ACTION ITEM -
Exact transcription of the data below is required, without the images.

STORED DATA -
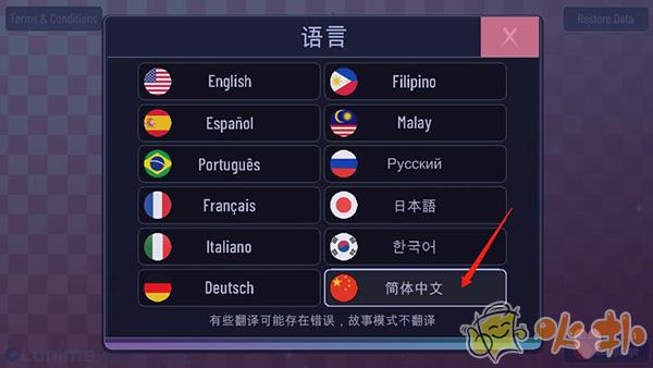 1、下载安装游戏,游戏初始语言为英文,点击右下角进入语言选项可以更改设置;
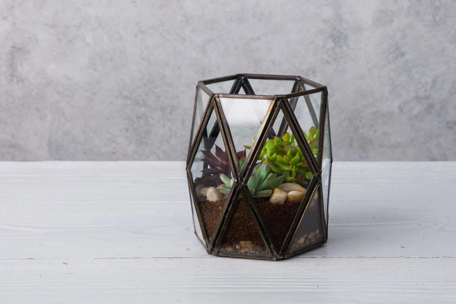 A hand crafted black metal and glass terrarium, ideal for housing mini cacti and succulents. Plants in image sold separately.
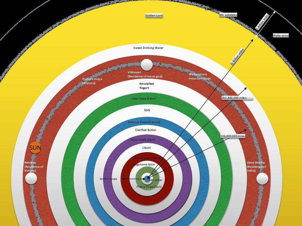One of the most difficult to understand aspects of the Śrīmad Bhāgavatam is the description of Bhū-mandala in the Fifth Canto, the huge series of concentric islands and oceans that is supposed to divide the universe into two halves. This is a part of the Bhāgavatam that we usually end with more questions than when we started.
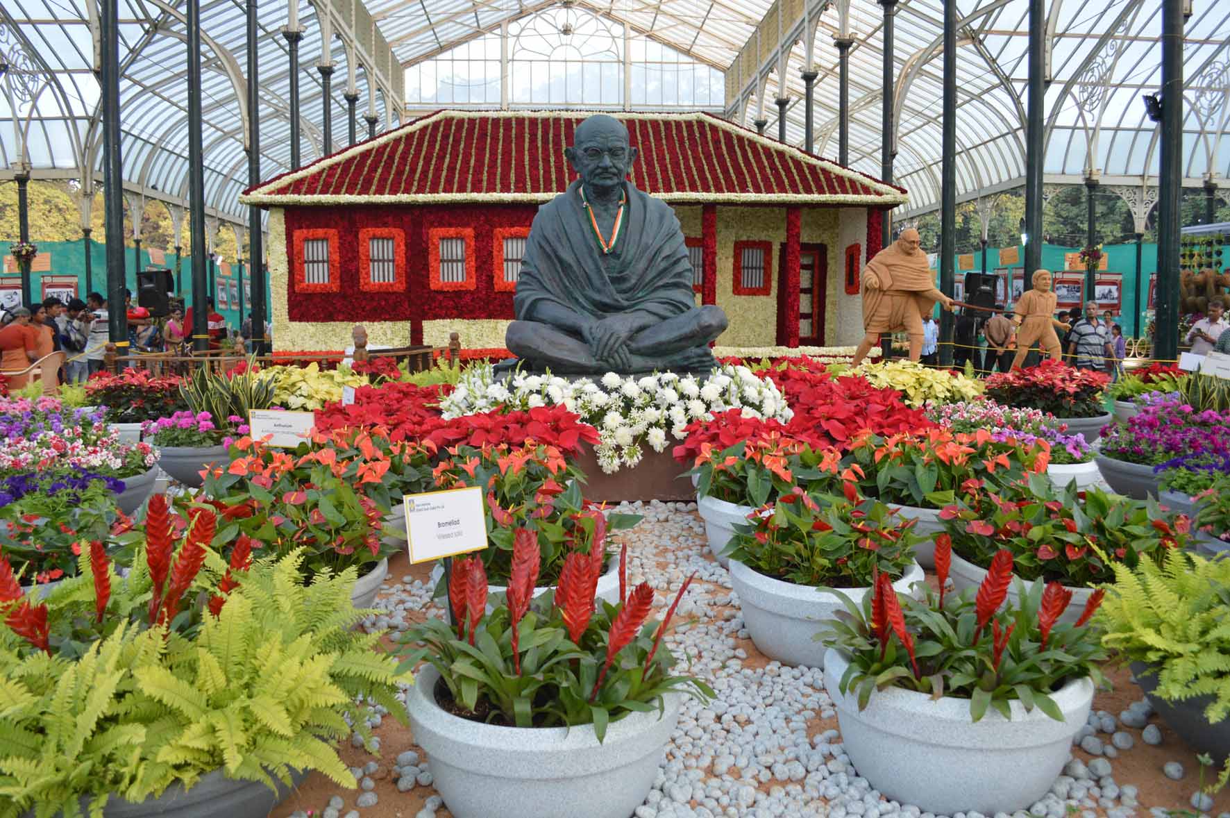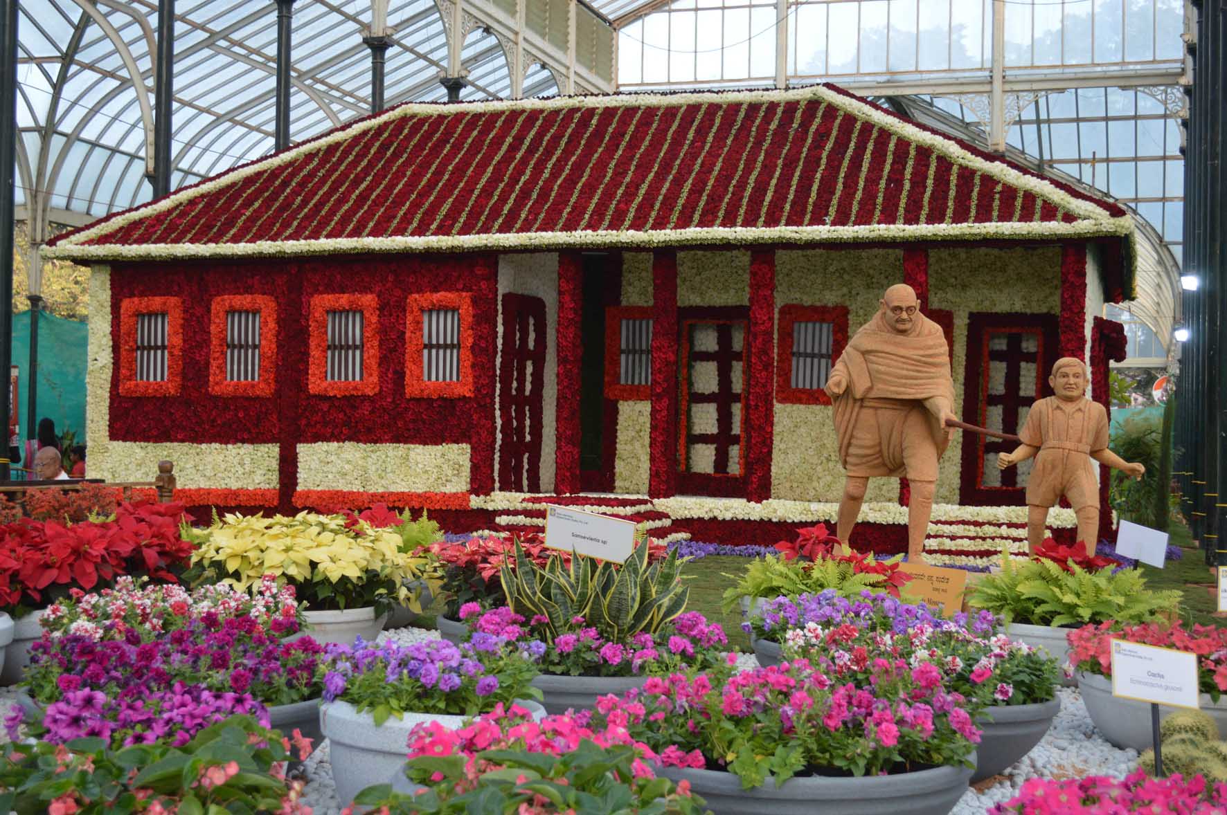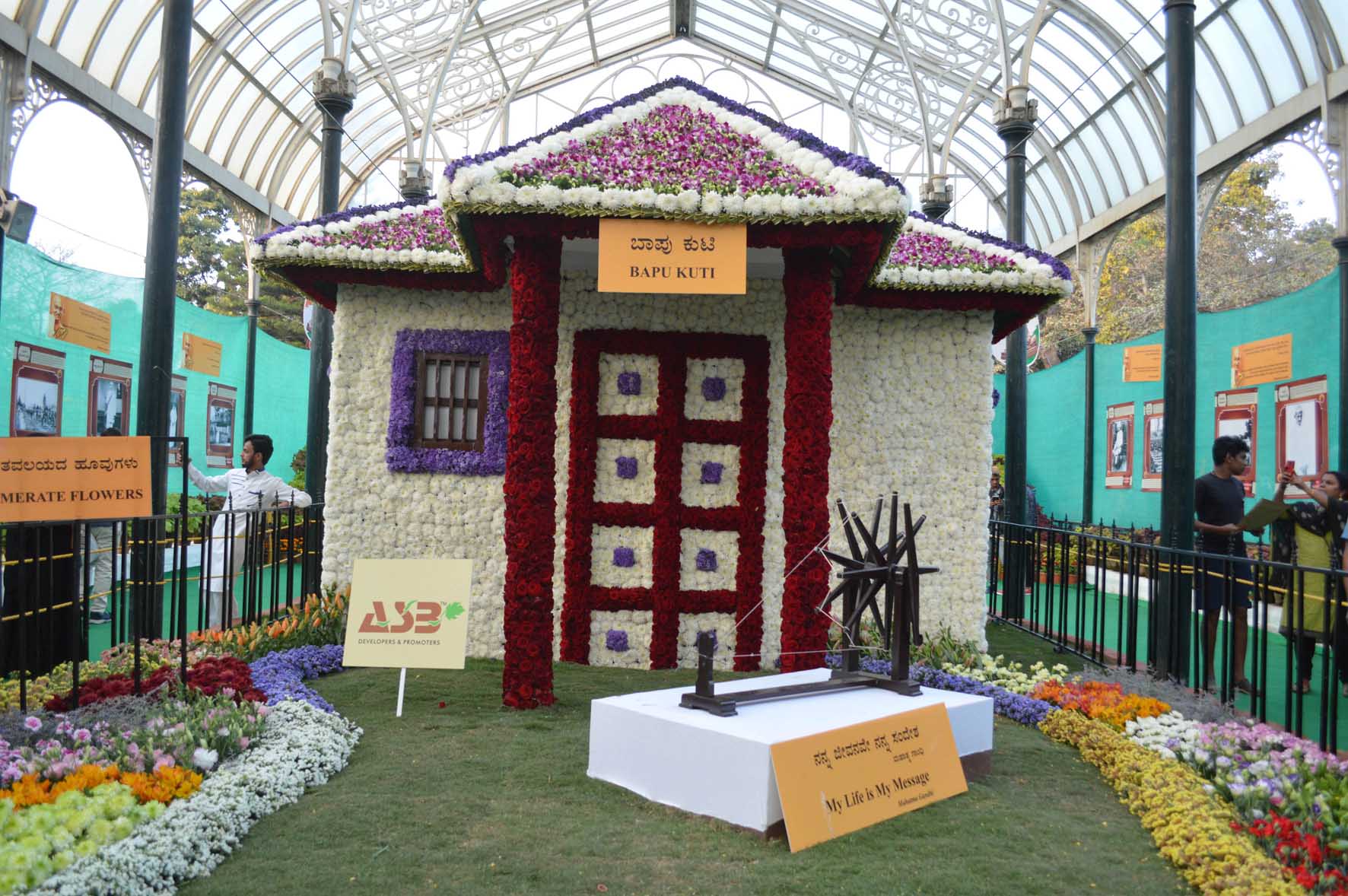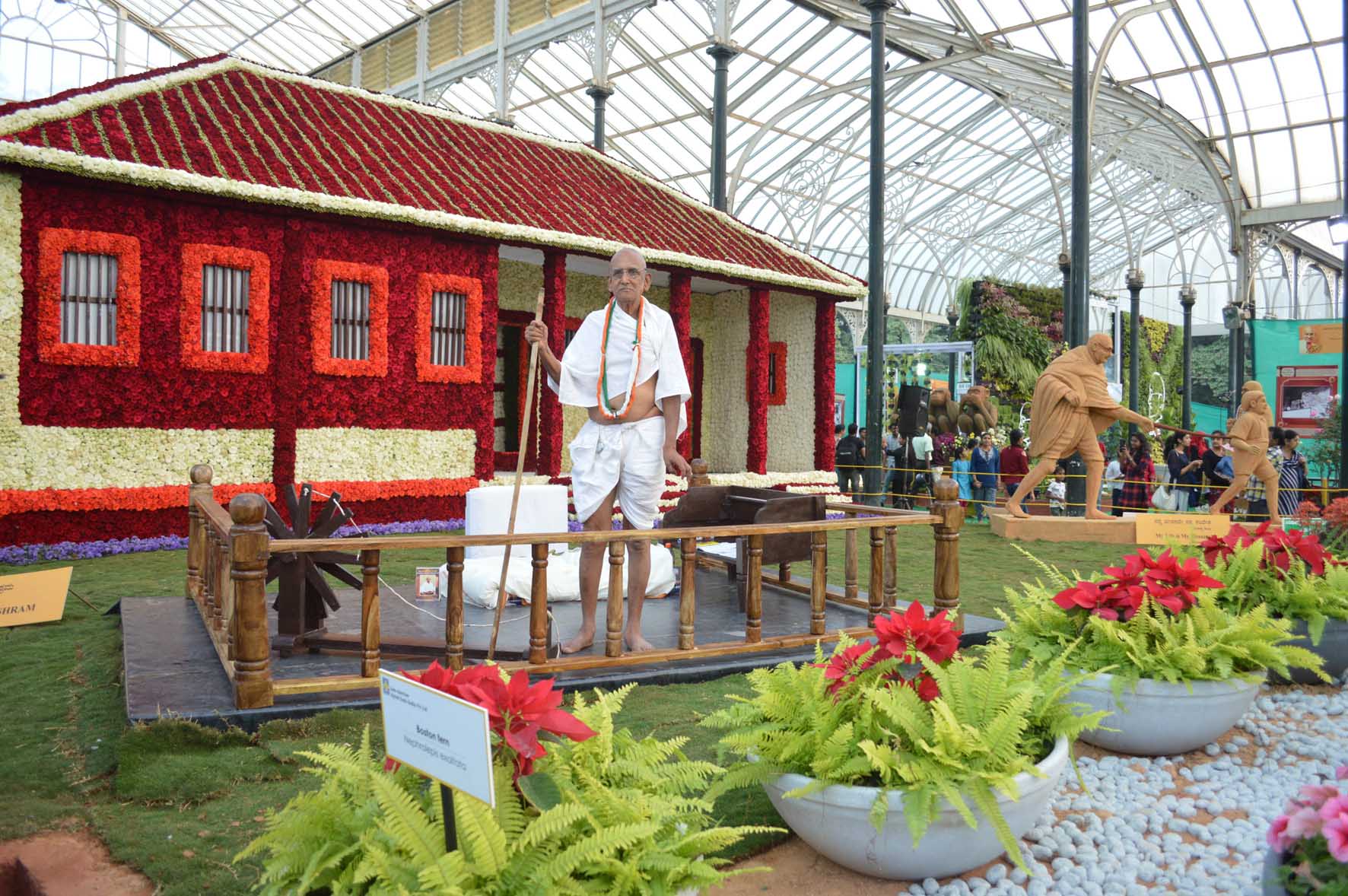 ಕೆಂಪು-ಶ್ವೇತವರ್ಣದ ಸಬರಮತಿ ಆಶ್ರಮ, ಅದರ ಮುಂದೆ ಧ್ಯಾನಸ್ಥರಾಗಿ ಕೂತ ಬಾಪು, ದಂಡಿ ಸತ್ಯಾಗ್ರಹ, ಬಾಪು ಮನೆ, ರಾಜಘಾಟ್ ಸೇರಿದಂತೆ ಗಾಂಧಿಯ ಹುಟ್ಟಿನಿಂದ ಅಂತ್ಯದವರೆಗಿನ ವಿವಿಧ ಚಿತ್ರಣಗಳನ್ನು ಇಲ್ಲಿನ ಗಾಜಿನ ಮನೆಯಲ್ಲಿ ಹೂಗಳ ಮೂಲಕ ಅರಳಿಸಲಾಗಿದ್ದು, ಶುಕ್ರವಾರ ಮುಖ್ಯಮಂತ್ರಿ ಕುಮಾರಸ್ವಾಮಿ ಅದಕ್ಕೆ ಚಾಲನೆ ನೀಡಿ, ಪುಷ್ಪಪ್ರದರ್ಶನ ಕಂಡು ಆಶ್ಚರ್ಯ ವ್ಯಕ್ತಪಡಿಸಿದರು.

SOLUTION TO THE PROBLEM -
 1、下载安装游戏,游戏初始语言为英文,点击右下角进入语言选项可以更改设置;
 A hand crafted black metal and glass terrarium, ideal for housing mini cacti and succulents. Plants in image sold separately.
One of the most difficult to understand aspects of the Śrīmad Bhāgavatam is the description of Bhū-mandala in the Fifth Canto, the huge series of concentric islands and oceans that is supposed to divide the universe into two halves. This is a part of the Bhāgavatam that we usually end with more questions than when we started.
 ಕೆಂಪು-ಶ್ವೇತವರ್ಣದ ಸಬರಮತಿ ಆಶ್ರಮ, ಅದರ ಮುಂದೆ ಧ್ಯಾನಸ್ಥರಾಗಿ ಕೂತ ಬಾಪು, ದಂಡಿ ಸತ್ಯಾಗ್ರಹ, ಬಾಪು ಮನೆ, ರಾಜಘಾಟ್ ಸೇರಿದಂತೆ ಗಾಂಧಿಯ ಹುಟ್ಟಿನಿಂದ ಅಂತ್ಯದವರೆಗಿನ ವಿವಿಧ ಚಿತ್ರಣಗಳನ್ನು ಇಲ್ಲಿನ ಗಾಜಿನ ಮನೆಯಲ್ಲಿ ಹೂಗಳ ಮೂಲಕ ಅರಳಿಸಲಾಗಿದ್ದು, ಶುಕ್ರವಾರ ಮುಖ್ಯಮಂತ್ರಿ ಕುಮಾರಸ್ವಾಮಿ ಅದಕ್ಕೆ ಚಾಲನೆ ನೀಡಿ, ಪುಷ್ಪಪ್ರದರ್ಶನ ಕಂಡು ಆಶ್ಚರ್ಯ ವ್ಯಕ್ತಪಡಿಸಿದರು.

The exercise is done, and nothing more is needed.